• [THE PROBLEM]: Would you write out the full listing exactly, without any pictures?

• [DATA FOR REVIEW]:
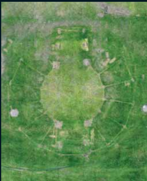
Obr. 147, Andreas Gefeller, Untitled (Meadow 1) Düsseldorf, 2002
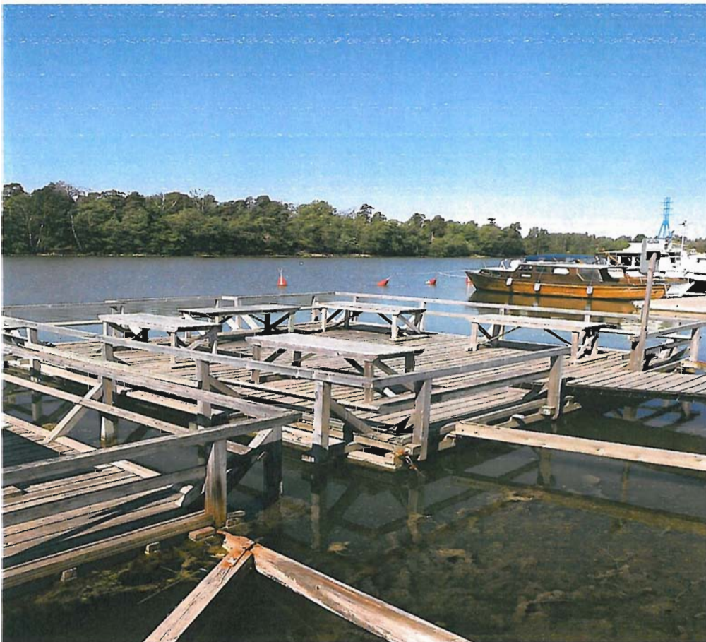
Humallahden mattolaituri Töölössä

Kommentti: Yksi laituri riittänee kyseisen lähialueen tarpeeseen eli joko Taivallahdesta tai Humallahdesta voisi luopua. Viemäroidyn paikan rakentaminen rannalle lähelle nykyisiä paikkoja ei ole mahdollista ilman pitkiä viemärivetoja ja liikennejärjestelyjä.
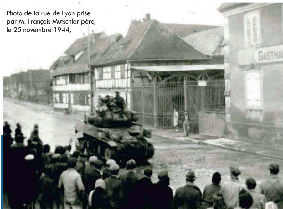
Photo de la rue de Lyon prise par M. François Mutschler père, le 25 novembre 1944,

« (...) Après une nuit calme, le samedi 25 novembre, la nouvelle fuse : des blindés arrivent du côté de Geispolsheim. Du haut du séchoir Meyer, on aperçoit distinctement sur la départementale de Geispolsheim à Lipsheim une dizaine de chars, d'engins, de véhicules d'apparence différente des blindés allemands. (...) Un quart d'heure plus tard, le premier char sort du virage et bientôt arrive à notre hauteur. Je me présente au chef de char pour le mettre en garde contre les défenses établies à la sortie nord. « Ont-ils des bazookas? » est sa question. Je ne sais que répondre, ce mot m'étant inconnu. Panzerfaust ? Là, je peux acquiescer, mais j'ai des difficultés à trouver les mots français, n'ayant plus utilisé notre langue pendant quatre ans. (...)»
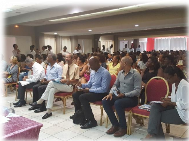
Ouverture : Plénière
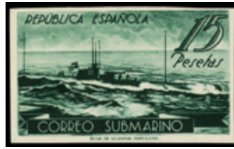
1498 190 €
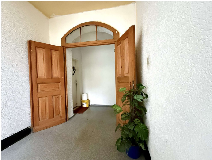
Treppenhaus Treppenhaus 1. OG

• [SOLUTION]:
Obr. 147, Andreas Gefeller, Untitled (Meadow 1) Düsseldorf, 2002
Humallahden mattolaituri Töölössä

Kommentti: Yksi laituri riittänee kyseisen lähialueen tarpeeseen eli joko Taivallahdesta tai Humallahdesta voisi luopua. Viemäroidyn paikan rakentaminen rannalle lähelle nykyisiä paikkoja ei ole mahdollista ilman pitkiä viemärivetoja ja liikennejärjestelyjä.
Photo de la rue de Lyon prise par M. François Mutschler père, le 25 novembre 1944,

« (...) Après une nuit calme, le samedi 25 novembre, la nouvelle fuse : des blindés arrivent du côté de Geispolsheim. Du haut du séchoir Meyer, on aperçoit distinctement sur la départementale de Geispolsheim à Lipsheim une dizaine de chars, d'engins, de véhicules d'apparence différente des blindés allemands. (...) Un quart d'heure plus tard, le premier char sort du virage et bientôt arrive à notre hauteur. Je me présente au chef de char pour le mettre en garde contre les défenses établies à la sortie nord. « Ont-ils des bazookas? » est sa question. Je ne sais que répondre, ce mot m'étant inconnu. Panzerfaust ? Là, je peux acquiescer, mais j'ai des difficultés à trouver les mots français, n'ayant plus utilisé notre langue pendant quatre ans. (...)»
Ouverture : Plénière
1498 190 €
Treppenhaus Treppenhaus 1. OG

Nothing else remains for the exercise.